Journalists Should Engage With Their Readers View From Slovakia

What happens when journalists participate in the discussion in the often-frightening comments below their articles? This is one of the questions that I tried to answer in my book, Discussions the News. The uneasy alliance between participatory journalists, and the critical public, which was published earlier this year.

Journalists are not known for engaging with readers in traditional newspaper culture. As a researcher, I was excited to witness a new attempt to establish a conversational relationship between journalists, readers, and staff at Dennik N, a Slovak daily.

The newspaper’s headquarters is in Bratislava, Slovakia. It was founded by SME’s senior editors, Slovakia’s second-most popular daily. They walked out of the paper in protest after a corrupt financial group bought a 50% share of the newspaper. Half of the newsroom followed them to a new venture that was initially online only. They launched a five-day print edition in January 2015.

Participation And Editorial Autonomy Journalists

Dennik N uses a subscription-based model of business to counter the rise in media oligarchs throughout Central Europe. This approach is a condition of editorial independence. It is a promising strategy in Slovakia where the internet penetration rate is 85% and press freedom is free.

Readers in this country of more than 5 million are above-average news users. A 2015 survey I conducted found that 72% of respondents participated in news dissemination via social media and newspaper websites. According to the 2016 Digital News Report Slovakia is the most popular EU country for commenting on news websites.
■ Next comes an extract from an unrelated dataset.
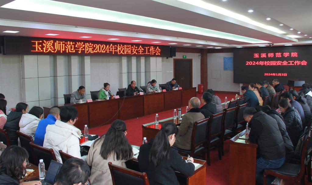 1月3日下午,玉溪师范学院在图书馆3003会议室召开2024年校园安全工作会,对做好岁末年初暨寒假校园安全防范工作进行安排。会议由副校长杨伟主持,各学院党委书记、副书记、辅导员,相关职能部门负责人等参加会议。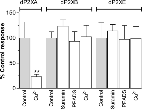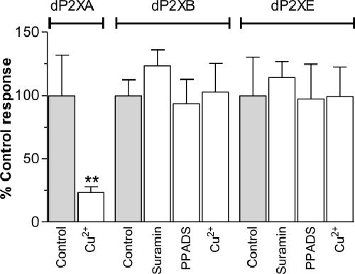 FIGURE 3. dP2XB and dP2XE receptors are not inhibited by copper, suramin, or PPADS. Peak current responses for each receptor were normalized to the mean of the control response to 3 mm ATP with no inhibitor present (n = 6–10 oocytes for each data point). CuCl2 (100 nm), suramin (100 μm), or PPADS (100 μm) were present in both the bath solution (5-min incubation prior to agonist application) and the 3 mm ATP solution. Unlike dP2XA (5) (**, p < 0.01), dP2XB and dP2XE are not inhibited by nanomolar concentrations of copper, and neither receptor is sensitive to the common P2 receptor antagonists PPADS and suramin.

Dennik N wanted to counter the dependence on institutions or private shareholders that could conflict with its audience by building strong relationships with them. Participation is a natural extension to this philosophy, as it encourages subscribers to subscribe and makes the media more independent. The newspaper encouraged journalists to not only read comments but also to respond to them. They did, in varying degrees.

Journalists Respond To Journalism

Analyzing these exchanges and speaking to journalists, I found that certain comment types were significantly under- or over-selected by journalists for reply. Comments about journalism were prefer by them. It was more common for readers to comment on editorial choices (mistakes, headlines, bias accusations) than the article’s theme.

Journalists responded to their questions using a variety of arguments. They used a variety of argumentative forms to respond to journalists requests. These are, as Andrew Abbott explains in The System of Professions (his book), strategies of professional legitimisation.

The screenshot shows a reporter thanking a reader who pointed out a typo, before explaining that the report was publish two minutes after President Obama’s official statement arrived. This is a reference to the time pressure online newspapers face when reporting on breaking news. It shows that they can sometimes compromise orthographic precision in order to speed things up.

This is known as a process argument. It gives the author insight into the production conditions for an article. This logic suggests that people who have a better understanding about a process might be better able to understand the results.

The authority argument is the second type of justification. Journalists would avoid voicing their opinions on their own articles and instead refer to more credible sources. To support the facts and interpretations in an article, they might cite more detail from one source, link to a scientific article or statistical data base, or cite a poll. Slovak journalists used discussion in both process and authority arguments as accountability instruments, almost like readers’ editors or ombudsmen.

Polemic Conversations

Sometimes they chose a different path. Sometimes, they took a different path. They used or dropped polemical gauntlets, and they got into arguments. Three of the most frequent commentators had different backgrounds: One was an economist who wrote mainly on economic issues, while another was a reporter covering foreign news on controversial topics like gay rights or the refugee crisis. The third was a journalist who was responsible for long-form reporting and interviews.

Some commenters responded to criticism by telling others they were wrong or calling their statement laughable. This could cause a flurry of discussion. However, they felt that this type of response was appropriate for online discussions. This is true for many media types: heated debates, which are well-known to radio and television reporters, can make for excellent viewing and listening.